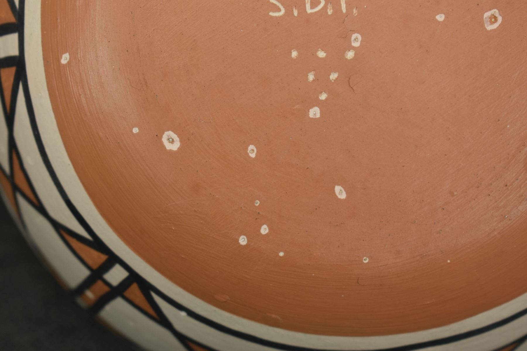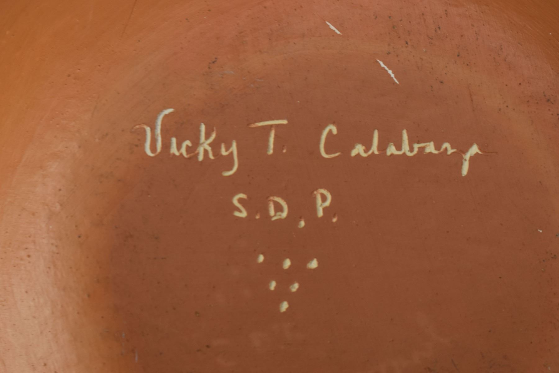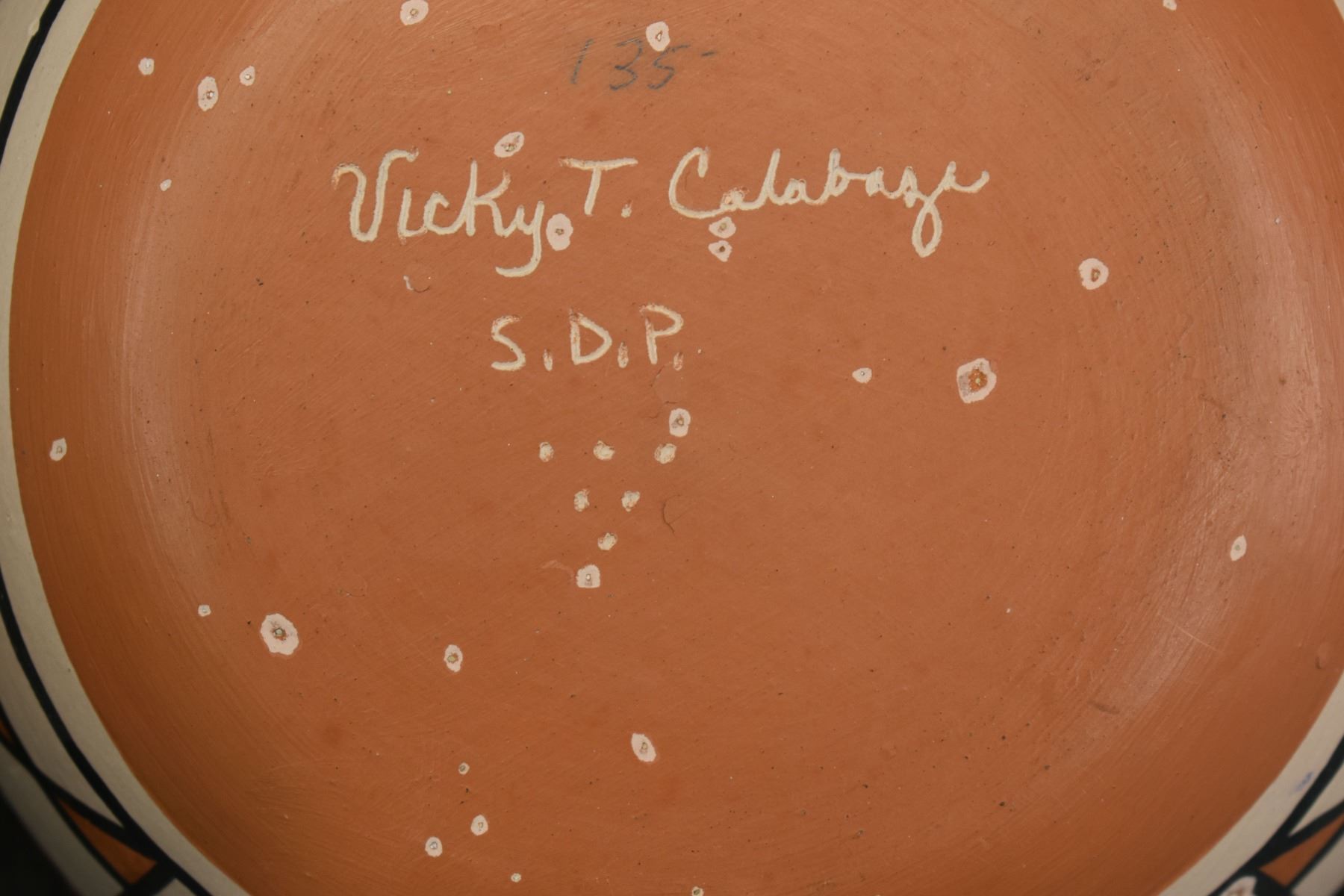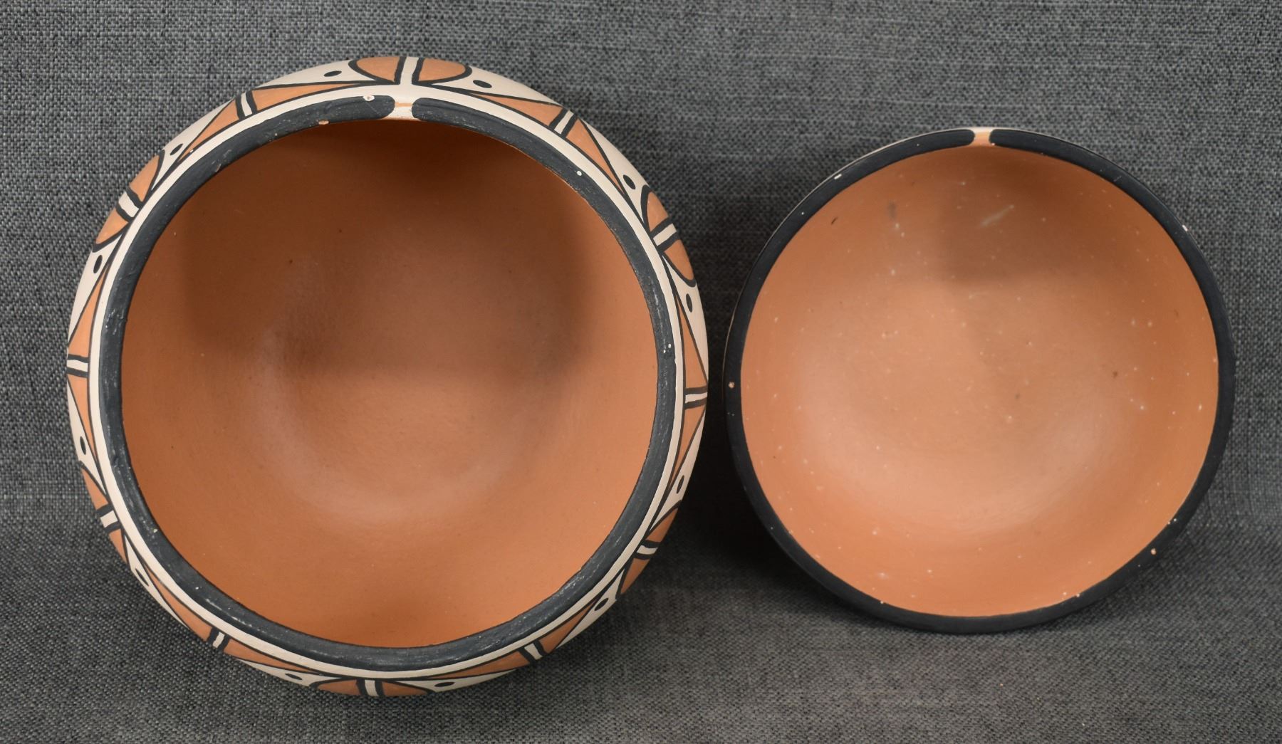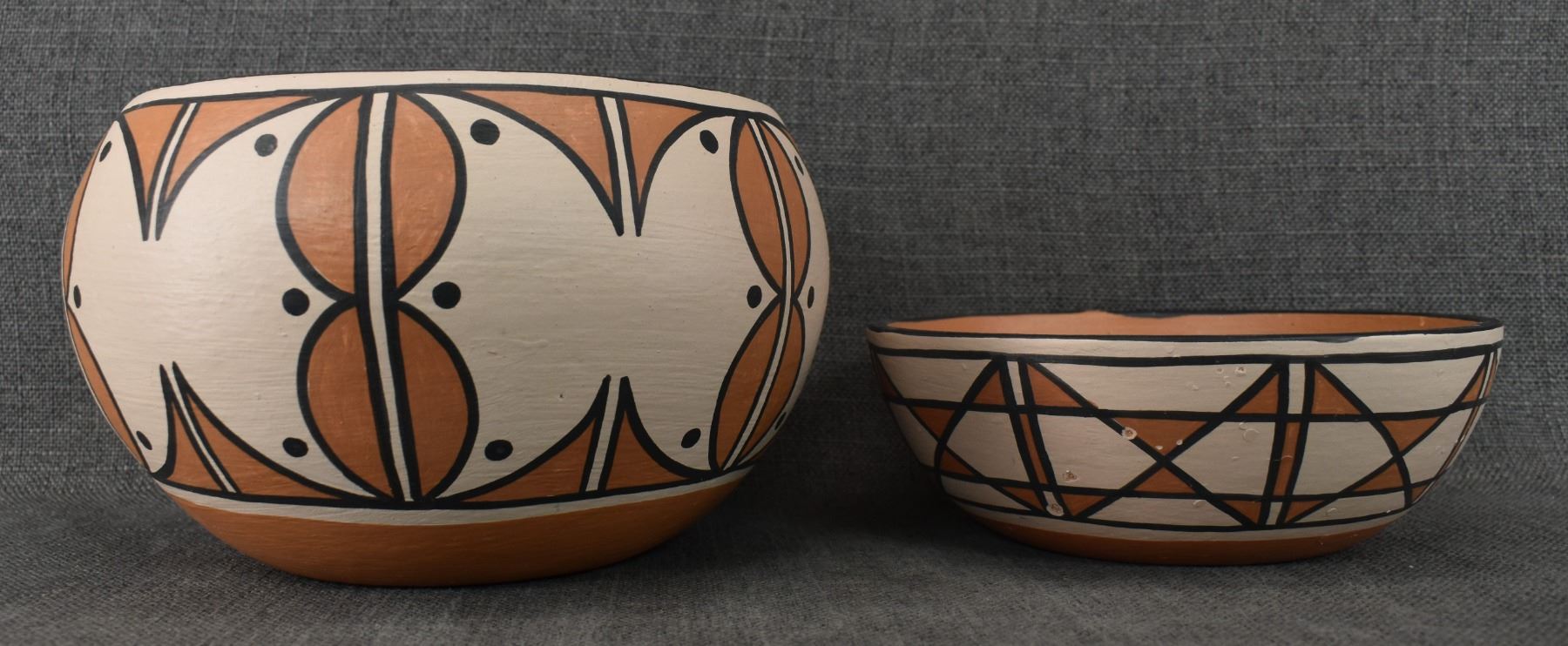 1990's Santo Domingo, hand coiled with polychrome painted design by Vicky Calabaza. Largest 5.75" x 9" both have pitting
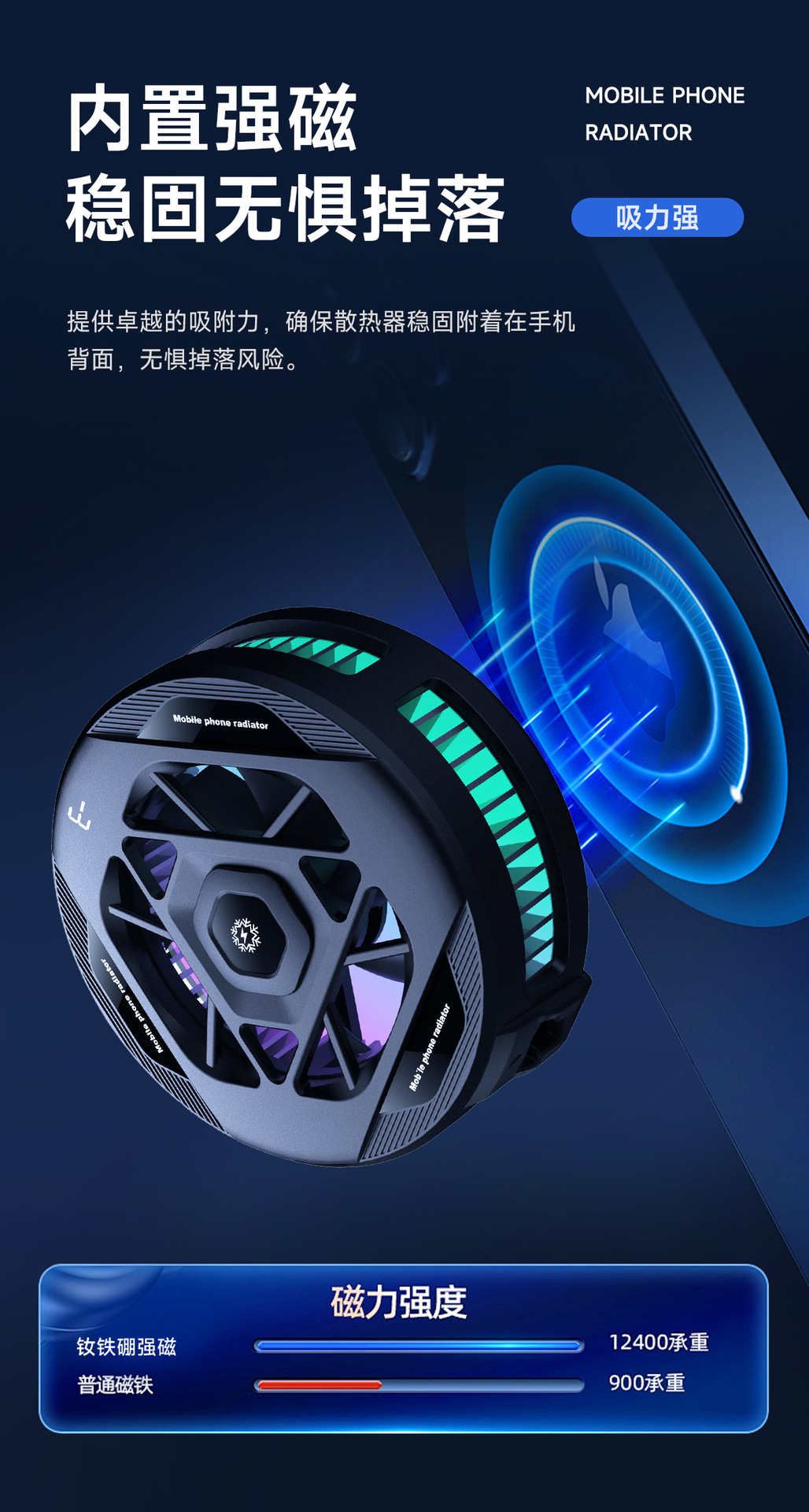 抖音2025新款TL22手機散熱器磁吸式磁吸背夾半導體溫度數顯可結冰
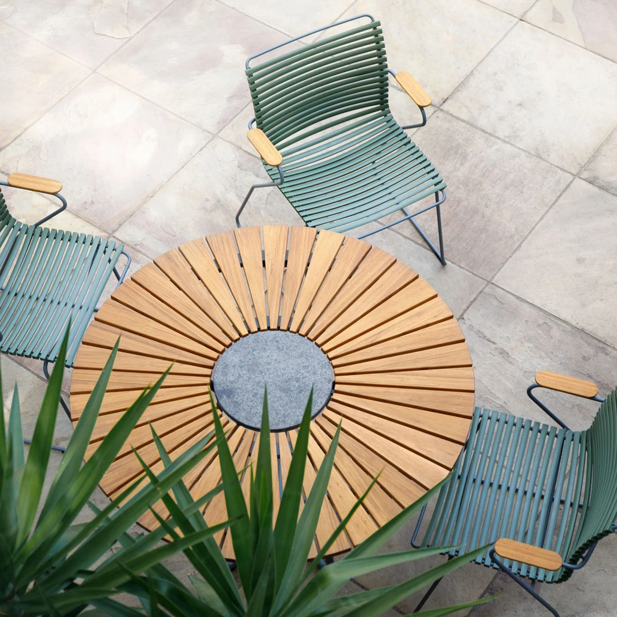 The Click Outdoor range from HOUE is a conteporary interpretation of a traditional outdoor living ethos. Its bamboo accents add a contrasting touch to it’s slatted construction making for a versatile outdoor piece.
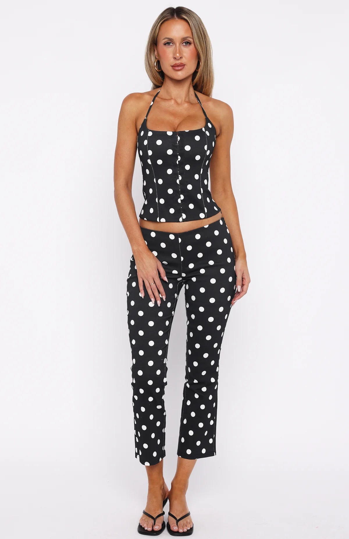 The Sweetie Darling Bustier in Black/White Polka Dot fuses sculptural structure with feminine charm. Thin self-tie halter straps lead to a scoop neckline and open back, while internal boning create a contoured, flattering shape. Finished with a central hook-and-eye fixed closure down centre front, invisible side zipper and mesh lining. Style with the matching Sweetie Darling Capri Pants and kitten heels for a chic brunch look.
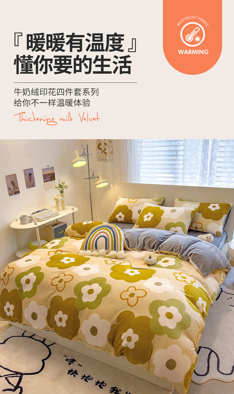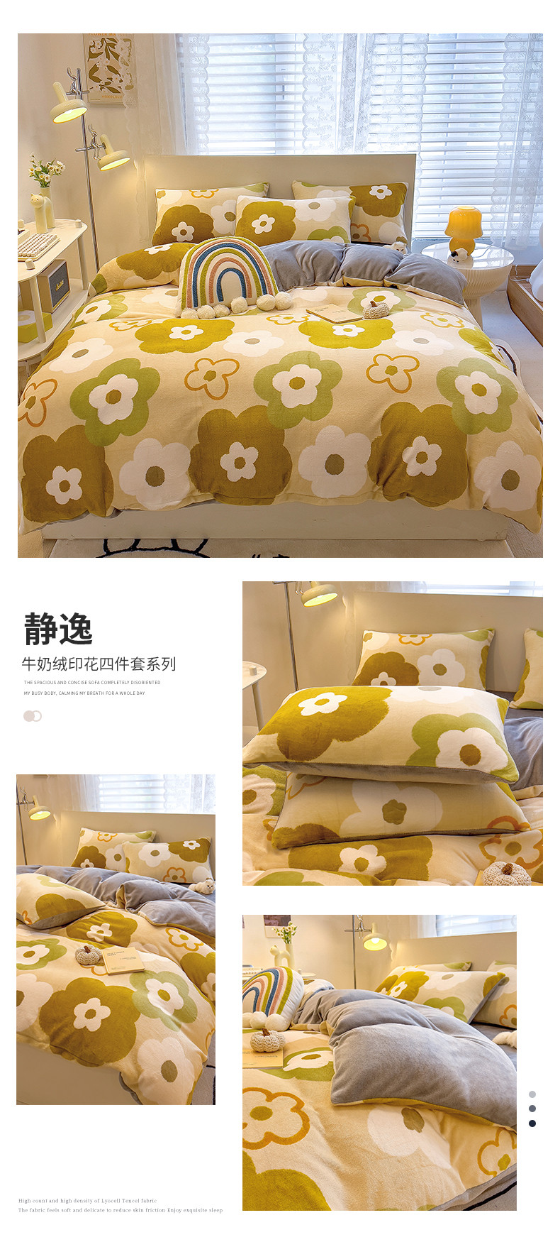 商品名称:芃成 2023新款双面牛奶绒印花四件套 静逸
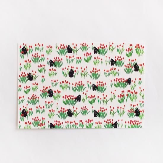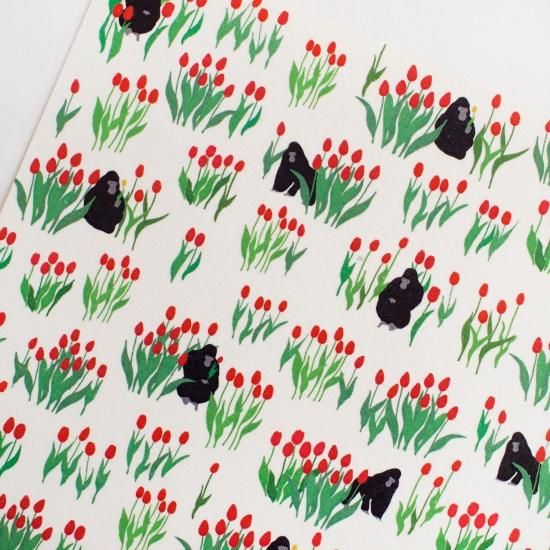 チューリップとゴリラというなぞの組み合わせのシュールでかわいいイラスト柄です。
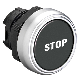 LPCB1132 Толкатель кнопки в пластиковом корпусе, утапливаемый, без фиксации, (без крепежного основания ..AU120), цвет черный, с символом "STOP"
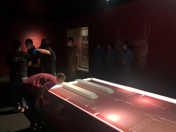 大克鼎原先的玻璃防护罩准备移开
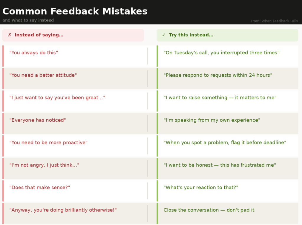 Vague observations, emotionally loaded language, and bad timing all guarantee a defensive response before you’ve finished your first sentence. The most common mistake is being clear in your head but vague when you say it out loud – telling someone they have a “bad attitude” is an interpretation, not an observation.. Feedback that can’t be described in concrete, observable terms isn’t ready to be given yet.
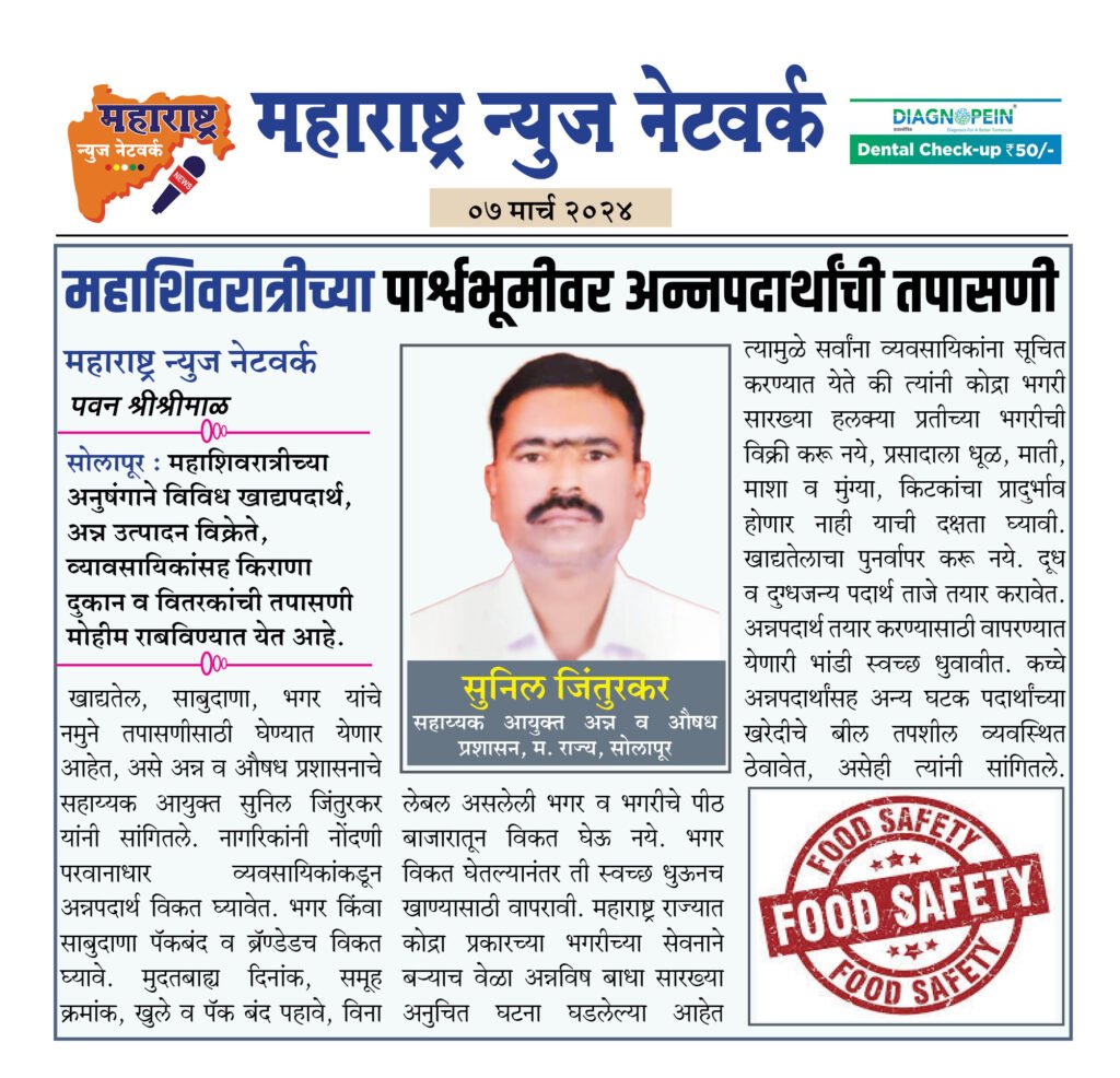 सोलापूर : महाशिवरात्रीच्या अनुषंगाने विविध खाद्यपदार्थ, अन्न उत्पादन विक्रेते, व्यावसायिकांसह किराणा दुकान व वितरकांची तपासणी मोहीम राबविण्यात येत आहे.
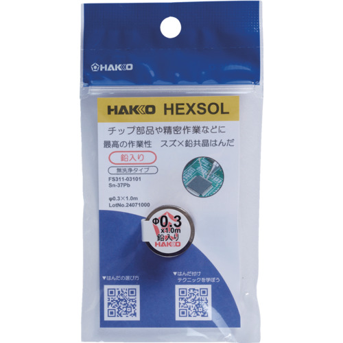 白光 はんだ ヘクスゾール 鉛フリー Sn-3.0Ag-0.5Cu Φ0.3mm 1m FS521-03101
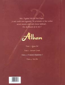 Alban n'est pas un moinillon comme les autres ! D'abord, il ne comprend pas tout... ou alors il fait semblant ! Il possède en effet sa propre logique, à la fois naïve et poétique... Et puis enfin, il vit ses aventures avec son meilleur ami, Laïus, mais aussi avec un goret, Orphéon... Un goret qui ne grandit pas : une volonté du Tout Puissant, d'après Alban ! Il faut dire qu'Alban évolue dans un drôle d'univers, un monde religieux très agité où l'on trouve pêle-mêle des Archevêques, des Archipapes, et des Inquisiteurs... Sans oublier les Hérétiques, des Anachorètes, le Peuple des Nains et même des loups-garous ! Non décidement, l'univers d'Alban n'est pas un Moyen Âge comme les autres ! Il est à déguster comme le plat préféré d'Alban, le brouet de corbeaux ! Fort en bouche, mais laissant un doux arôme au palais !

++++++++

» **Instructions for the task**
Copy word for word the lines of the records above from the one with "LPCB1132 Толкатель кнопки" up to and including the one with "Vague observations, emotionally". Skip the pictures.

» **Final answer**
 LPCB1132 Толкатель кнопки в пластиковом корпусе, утапливаемый, без фиксации, (без крепежного основания ..AU120), цвет черный, с символом "STOP"
 大克鼎原先的玻璃防护罩准备移开
 Vague observations, emotionally loaded language, and bad timing all guarantee a defensive response before you’ve finished your first sentence. The most common mistake is being clear in your head but vague when you say it out loud – telling someone they have a “bad attitude” is an interpretation, not an observation.. Feedback that can’t be described in concrete, observable terms isn’t ready to be given yet.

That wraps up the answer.